(Supplied material Opens)

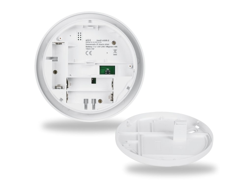Bezdrôtová poplachová siréna (HmIP-ASIR-2) na vnútorné použitie je súčasťou systému inteligentnej domácnosti Homematic IP. Siréna má výkonný akustický generátor s intenzitou 90 dB a dve vysoko svietivé červené LED diódy.
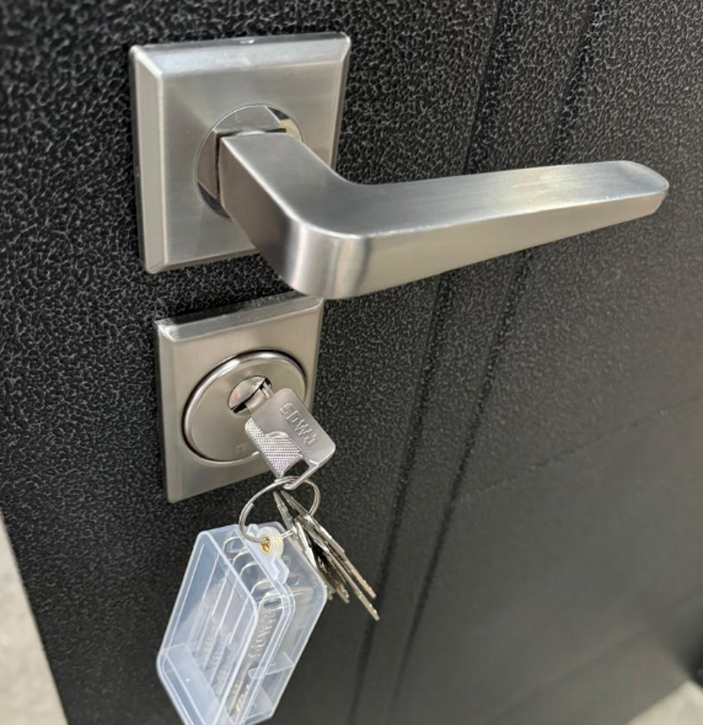 ✔ Основной замок — цилиндровый No-Key 5 ключей, врезная броне-накладка, раздельная фурнитура
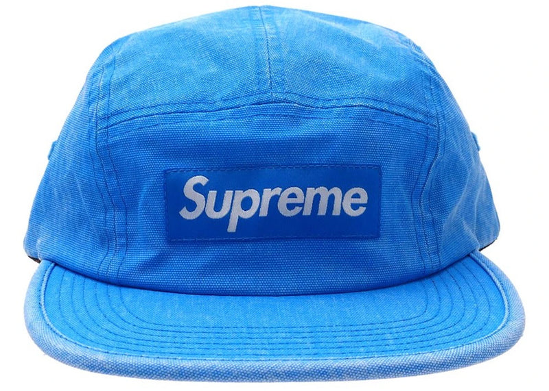 The Supreme Washed Canvas Camp Cap Blue is now available at Side Kicks!
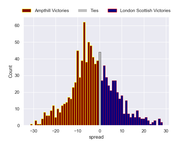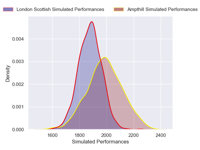 Each club has a rating and a rating deviation (similar to a Glicko rating), and expected performances can be generated. This allows for simulated matches and spreads like the ones below.
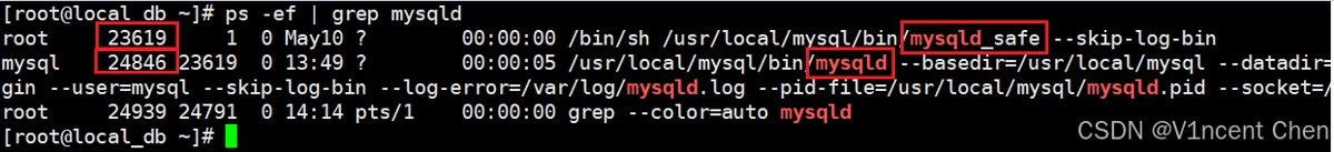 进程号为23619的mysqld_safe守护进程,负责监控mysqld的状态
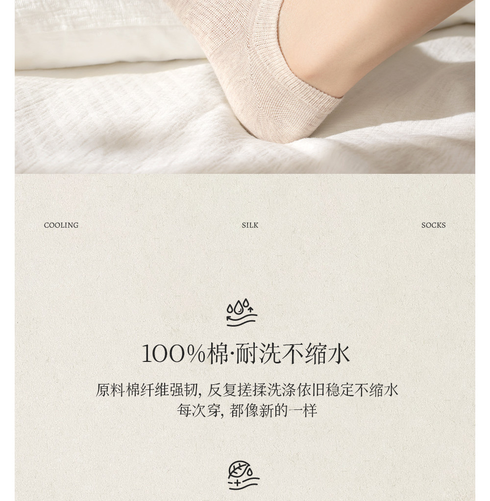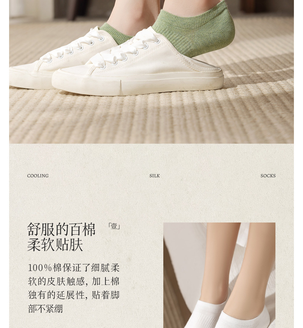 100% Cotton Socks for Women, Pure Cotton Spring and Summer No-Show Socks, Sweat-Absorbent, Non-Slip, No-Show, All-Cotton, Invisible Mesh Thin Short Socks
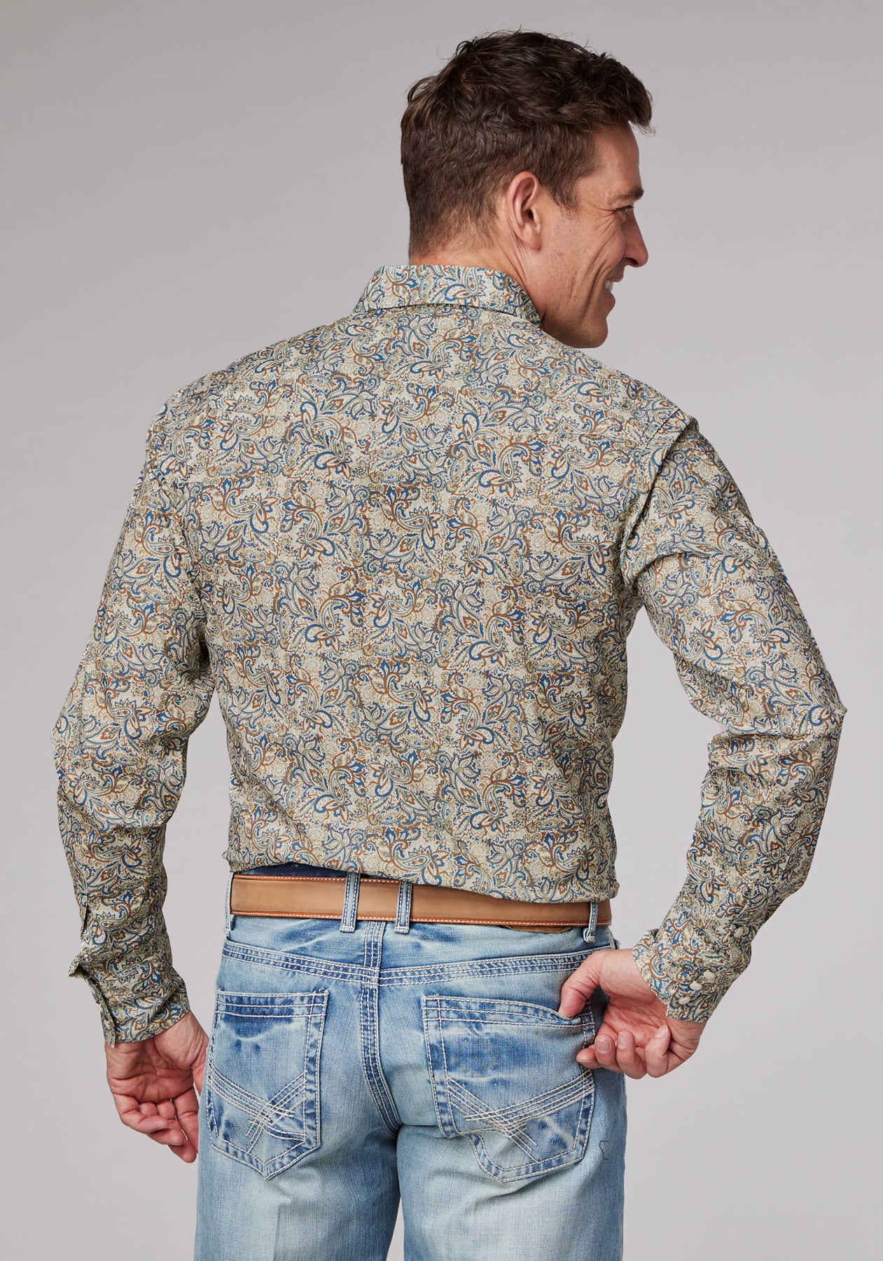 MENS SKETCHY PAISLEY PRINT LONG SLEEVE SNAP WESTERN SHIRT
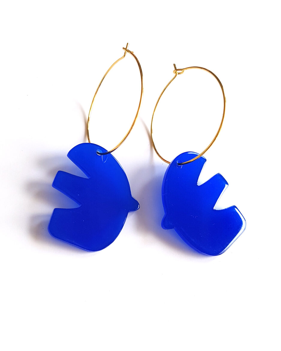 King blue acrylic bird pendant hanging on gold-plated Creole.
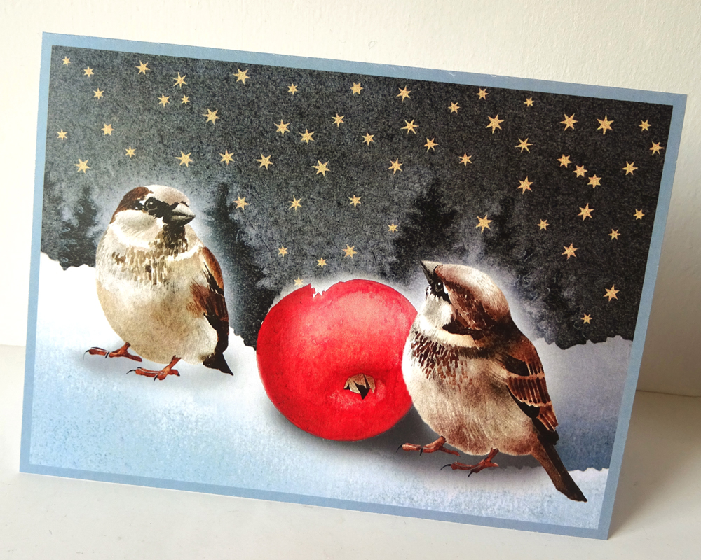Tištěno na papír s gramáží 300gm2. Rozměr 12 x 16,5 cm, dvojitá, otevírací karta, uvnitř čistá. Dodáváno s obálkou.
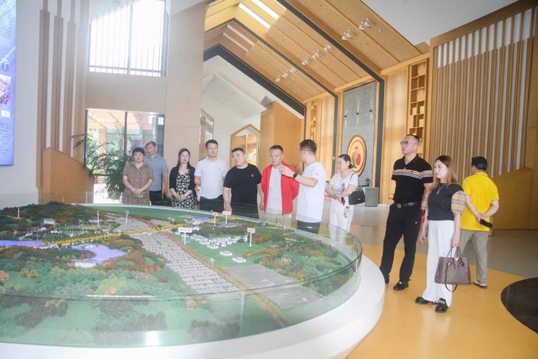 应江西省中小企业协会执行会长兼秘书长、南昌崇仁商会会长、江西南客出行服务集团董事长黄建国邀请,2023年8月7日上午,江西赣饶商会会长饶明芳带队走访黄建国会长单位——崇仁山凤小镇。轮值会长缪芬芳,执行会长黄洪英,执行会长兼秘书长周水强,执行会长郑志金,常务副会长李晓东,轮值副会长谢韩英参加。
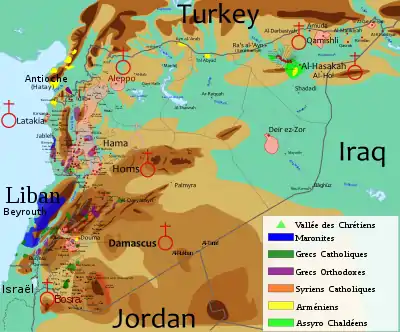 Dans une population de 18 millions d'habitants où 87 % appartiennent à l'Islam[18], et 5,2 % au christianisme (10%[19] avant la guerre), dont 2,9 % d'Orthodoxes (1,9 million), dont les grecs-orthodoxes (1,1 million), les syriaques orthodoxes (700 000), et les orthodoxes arméniens (100 000), puis l'Église catholique qui est une communauté religieuse minoritaire avec environ 368 000 catholiques (2 %) : 200 000 melkites, 9 000 latins, 14 000 chaldéens, 18 000 syriaques, 26 000 arméniens et 52 000 maronites.
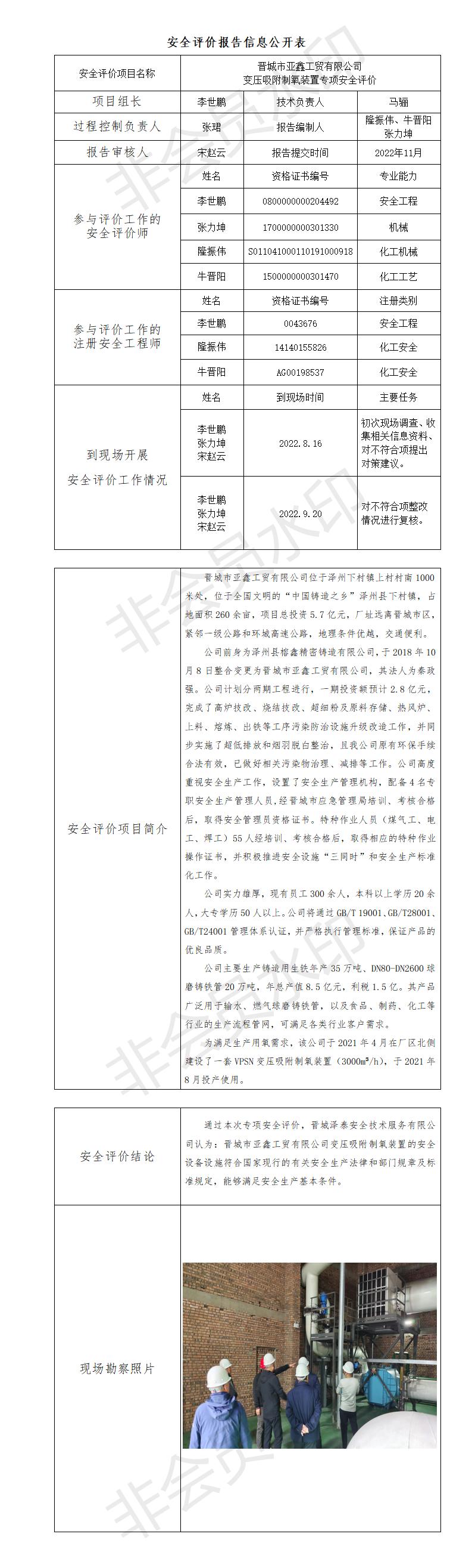 晋城市亚鑫工贸有限公司变压吸附制氧装置专项安全评价
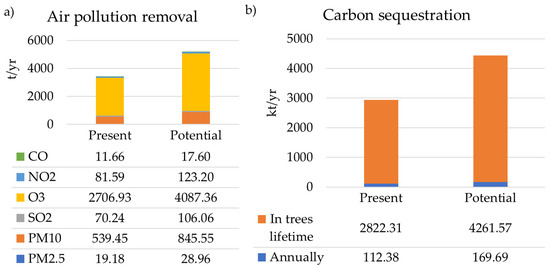 Tree benefits: (a) amount of air pollution absorbed expressed in carbon monoxide (CO), nitrogen dioxide (NO2), Ozone (O3), particulate matter (PM10 and PM2.5) and sulfuric dioxide (SO2); (b) carbon annually sequestrated and carbon stored in trees’ lifetime.
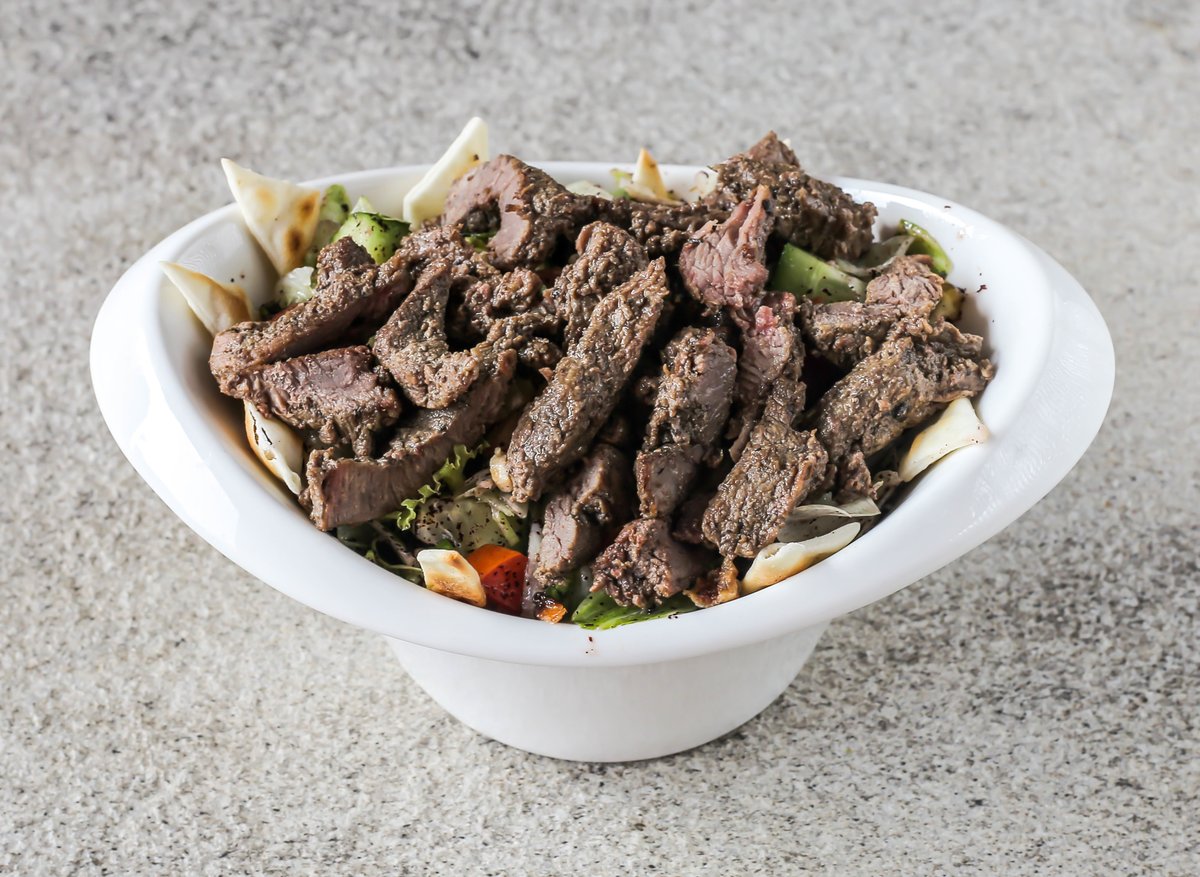 mittelscharf mit Falafel, gebratenen Auberginen, Hummus, Mutabal, Paprikasoße, Salat, gegrilltem Putenfleisch und Rindfleisch
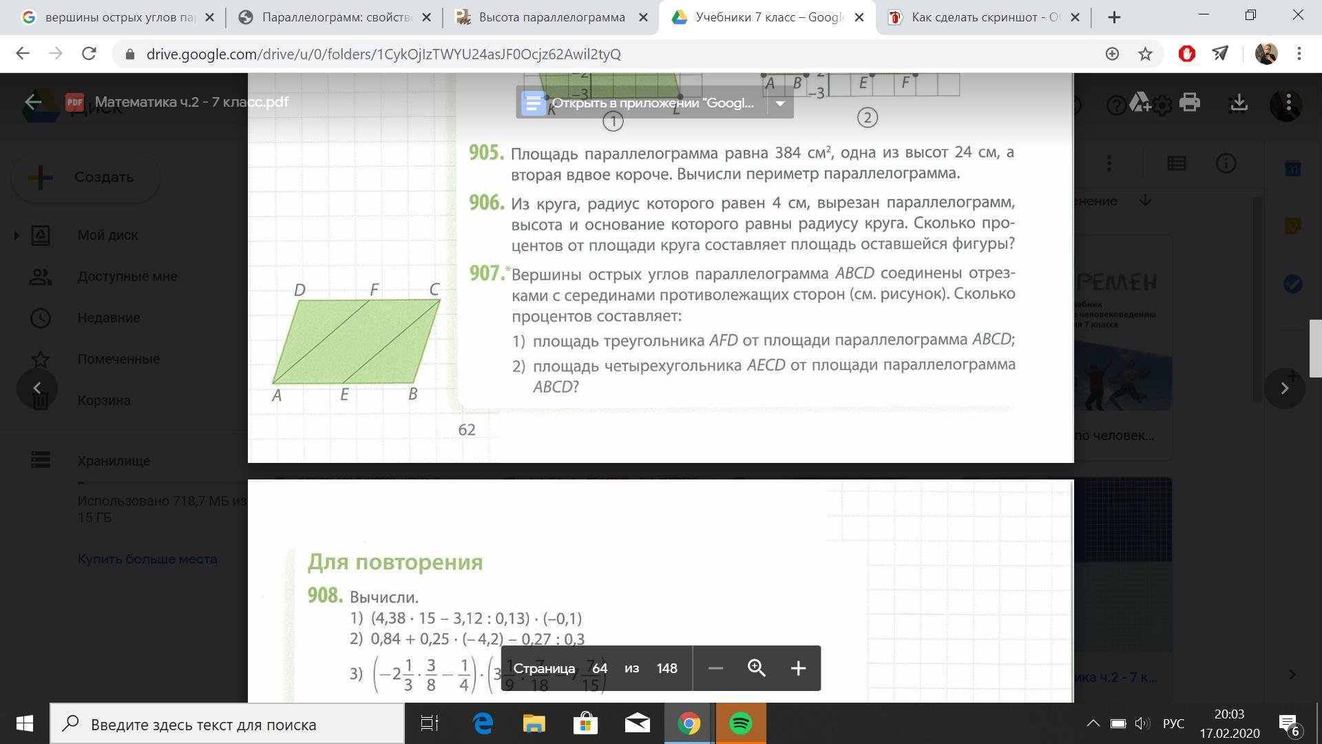 1. Площадь паралеллограмма ABCD (по формуле площади паралеллограмма):

(Supplied material Closes)

> [Exercise]
Please, without any pictures, print each entry exactly.

> [Your response]
Bezdrôtová poplachová siréna (HmIP-ASIR-2) na vnútorné použitie je súčasťou systému inteligentnej domácnosti Homematic IP. Siréna má výkonný akustický generátor s intenzitou 90 dB a dve vysoko svietivé červené LED diódy.
 ✔ Основной замок — цилиндровый No-Key 5 ключей, врезная броне-накладка, раздельная фурнитура
 The Supreme Washed Canvas Camp Cap Blue is now available at Side Kicks!
 Each club has a rating and a rating deviation (similar to a Glicko rating), and expected performances can be generated. This allows for simulated matches and spreads like the ones below.
 进程号为23619的mysqld_safe守护进程,负责监控mysqld的状态
 100% Cotton Socks for Women, Pure Cotton Spring and Summer No-Show Socks, Sweat-Absorbent, Non-Slip, No-Show, All-Cotton, Invisible Mesh Thin Short Socks
 MENS SKETCHY PAISLEY PRINT LONG SLEEVE SNAP WESTERN SHIRT
 King blue acrylic bird pendant hanging on gold-plated Creole.
Tištěno na papír s gramáží 300gm2. Rozměr 12 x 16,5 cm, dvojitá, otevírací karta, uvnitř čistá. Dodáváno s obálkou.
 应江西省中小企业协会执行会长兼秘书长、南昌崇仁商会会长、江西南客出行服务集团董事长黄建国邀请,2023年8月7日上午,江西赣饶商会会长饶明芳带队走访黄建国会长单位——崇仁山凤小镇。轮值会长缪芬芳,执行会长黄洪英,执行会长兼秘书长周水强,执行会长郑志金,常务副会长李晓东,轮值副会长谢韩英参加。
 Dans une population de 18 millions d'habitants où 87 % appartiennent à l'Islam[18], et 5,2 % au christianisme (10%[19] avant la guerre), dont 2,9 % d'Orthodoxes (1,9 million), dont les grecs-orthodoxes (1,1 million), les syriaques orthodoxes (700 000), et les orthodoxes arméniens (100 000), puis l'Église catholique qui est une communauté religieuse minoritaire avec environ 368 000 catholiques (2 %) : 200 000 melkites, 9 000 latins, 14 000 chaldéens, 18 000 syriaques, 26 000 arméniens et 52 000 maronites.
 晋城市亚鑫工贸有限公司变压吸附制氧装置专项安全评价
 Tree benefits: (a) amount of air pollution absorbed expressed in carbon monoxide (CO), nitrogen dioxide (NO2), Ozone (O3), particulate matter (PM10 and PM2.5) and sulfuric dioxide (SO2); (b) carbon annually sequestrated and carbon stored in trees’ lifetime.
 mittelscharf mit Falafel, gebratenen Auberginen, Hummus, Mutabal, Paprikasoße, Salat, gegrilltem Putenfleisch und Rindfleisch
 1. Площадь паралеллограмма ABCD (по формуле площади паралеллограмма):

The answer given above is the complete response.